僕の部屋のジェシカ
部屋の四隅が丸みを帯びてきた。煙が身体に馴染んできたのだ。そろそろ灯りを消さないと目が痛くなる。
冷えたビー
ルが食道を伝い胃に落ちる。そのとき、ぽちゃっと音がする。ボロいラジカセからモータウン系が流れている。

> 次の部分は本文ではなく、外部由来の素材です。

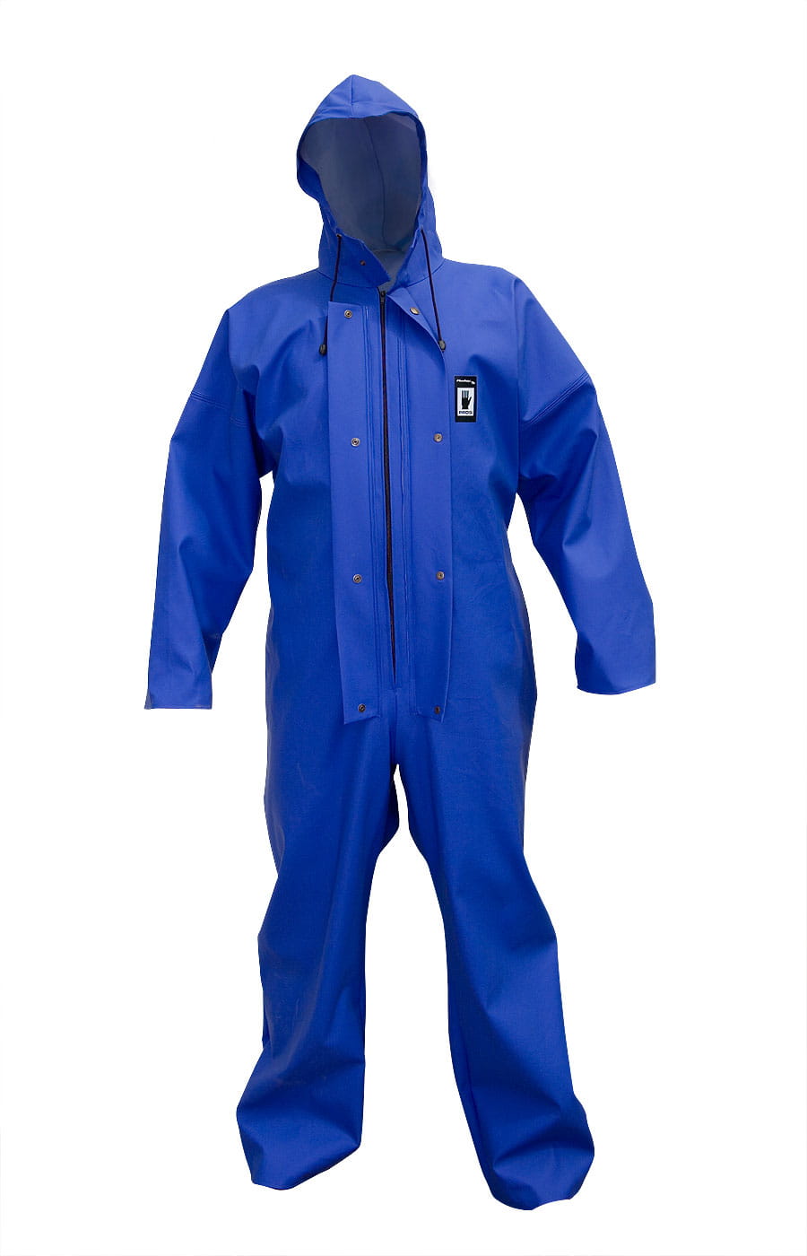 Kombinezon model 104/ PROS spełnia normy EN 13688 (odzież ochronna, wymagania ogólne)/ EN 343 (odzież ochronna, ochrona przed deszczem). Wysokiej jakości wodochronny kombinezon do zadań specjalnych, ochroni przed niesprzyjającymi warunkami, wiatrem, deszczem czy też słoną wodą. Występują w kolorze zielonym i niebieskim w rozmiarach XS/48, S/50, M/52, L/54, XL/56, XXL/58, XXXL/60, XXXXL/62. Wykonane z PLAVITEX materiał na podkładzie poliestrowym, jednostronnie powlekany PVC. Materiał cechuje się zwiększoną odpornością na tarcie, zginanie przy ujemnych temperaturach do -50?C. Zapewnia pełną ochronę w niesprzyjających warunkach atmosferycznych. Technika obustronnego zgrzewania zwiększa wytrzymałość szwów. Kombinezon jednoczęściowy zapinany na zamek kryty podwójną plisą na napy, kaptur zapinany na napy z funkcjonalnym ściągającym sznurkiem. W rękawach i nogawkach zastosowano ściągacze, które zapobiegają przedostawaniu się wody i innych substancji do środka. Odzież tego typu znajduje zastosowanie w ogrodnictwie, rybołówstwie, myciu i czyszczeniu, usługach komunalnych, przemyśle metalurgicznym, elektromaszynowym, mineralnym, spożywczym, platformach wiertniczych i gospodarstwach domowych.

〈Up side down. Boy, you turn me.〉
ダイアナ・ロスが耳元で囁いている。でも彼女にはお引取り願いたい。
ベースが聴きたい。ベースの音だけを聴こう。そう念じると僕の身体はスピーカーになり、重低音に震えだした。そのうち、僕はバスドラとベースのタイミングが微妙にずれていることに気づく。そのことが気になってしかたがない。
「あれに気がついたのは世界中で俺だけだ」
僕は右隣に座るクヌートに言ってみた。
「何のこっちゃ? おまえはもうストーンドなの?」
そう応えると、クヌートは水パイプを咥え、煙を吸い込み息を止めた。このすけこまし野郎。
僕はカリフォルニア州立大学サンノゼ校のキャンパス内にある寮〈ロイス・ホール〉に寄宿する学生である。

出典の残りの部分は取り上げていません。